WHAT YOU NEED TO DO: When you transcribe the listing, keep each line exact and drop the pictures.

EXERCISE DATA:
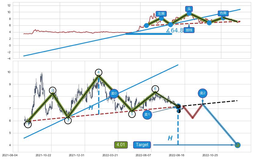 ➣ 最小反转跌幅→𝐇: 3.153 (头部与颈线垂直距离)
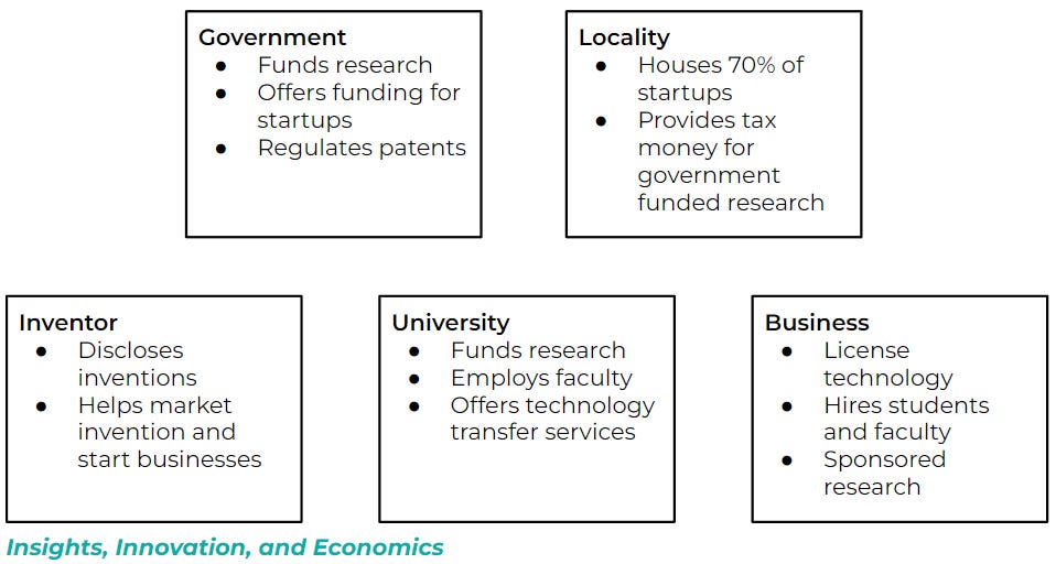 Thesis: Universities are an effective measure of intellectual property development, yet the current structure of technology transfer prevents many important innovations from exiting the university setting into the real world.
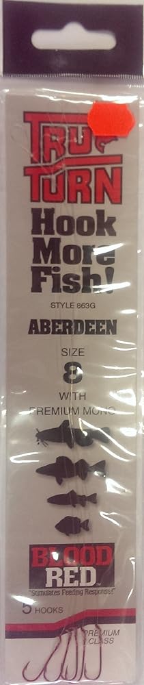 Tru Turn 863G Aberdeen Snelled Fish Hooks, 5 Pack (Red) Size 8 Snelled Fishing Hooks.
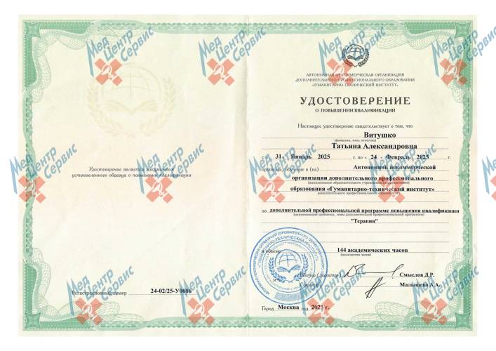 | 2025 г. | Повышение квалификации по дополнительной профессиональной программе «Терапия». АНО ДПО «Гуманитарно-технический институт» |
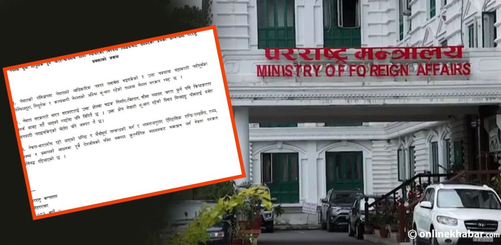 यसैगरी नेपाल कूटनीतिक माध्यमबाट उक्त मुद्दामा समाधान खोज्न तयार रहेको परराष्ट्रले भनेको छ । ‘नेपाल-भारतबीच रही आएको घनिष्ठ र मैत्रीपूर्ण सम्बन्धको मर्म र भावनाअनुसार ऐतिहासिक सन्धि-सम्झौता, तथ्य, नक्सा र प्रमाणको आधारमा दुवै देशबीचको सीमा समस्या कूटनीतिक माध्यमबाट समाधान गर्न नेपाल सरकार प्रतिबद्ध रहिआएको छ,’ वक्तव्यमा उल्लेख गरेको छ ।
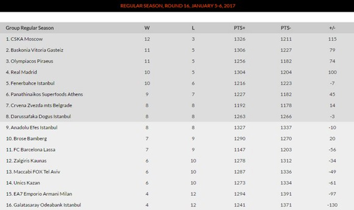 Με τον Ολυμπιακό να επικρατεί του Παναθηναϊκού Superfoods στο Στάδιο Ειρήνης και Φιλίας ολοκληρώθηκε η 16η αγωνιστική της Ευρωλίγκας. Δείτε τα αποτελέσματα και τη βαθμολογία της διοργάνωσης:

TASK RESPONSE:
 ➣ 最小反转跌幅→𝐇: 3.153 (头部与颈线垂直距离)
 Thesis: Universities are an effective measure of intellectual property development, yet the current structure of technology transfer prevents many important innovations from exiting the university setting into the real world.
 Tru Turn 863G Aberdeen Snelled Fish Hooks, 5 Pack (Red) Size 8 Snelled Fishing Hooks.
 | 2025 г. | Повышение квалификации по дополнительной профессиональной программе «Терапия». АНО ДПО «Гуманитарно-технический институт» |
 यसैगरी नेपाल कूटनीतिक माध्यमबाट उक्त मुद्दामा समाधान खोज्न तयार रहेको परराष्ट्रले भनेको छ । ‘नेपाल-भारतबीच रही आएको घनिष्ठ र मैत्रीपूर्ण सम्बन्धको मर्म र भावनाअनुसार ऐतिहासिक सन्धि-सम्झौता, तथ्य, नक्सा र प्रमाणको आधारमा दुवै देशबीचको सीमा समस्या कूटनीतिक माध्यमबाट समाधान गर्न नेपाल सरकार प्रतिबद्ध रहिआएको छ,’ वक्तव्यमा उल्लेख गरेको छ ।
 Με τον Ολυμπιακό να επικρατεί του Παναθηναϊκού Superfoods στο Στάδιο Ειρήνης και Φιλίας ολοκληρώθηκε η 16η αγωνιστική της Ευρωλίγκας. Δείτε τα αποτελέσματα και τη βαθμολογία της διοργάνωσης:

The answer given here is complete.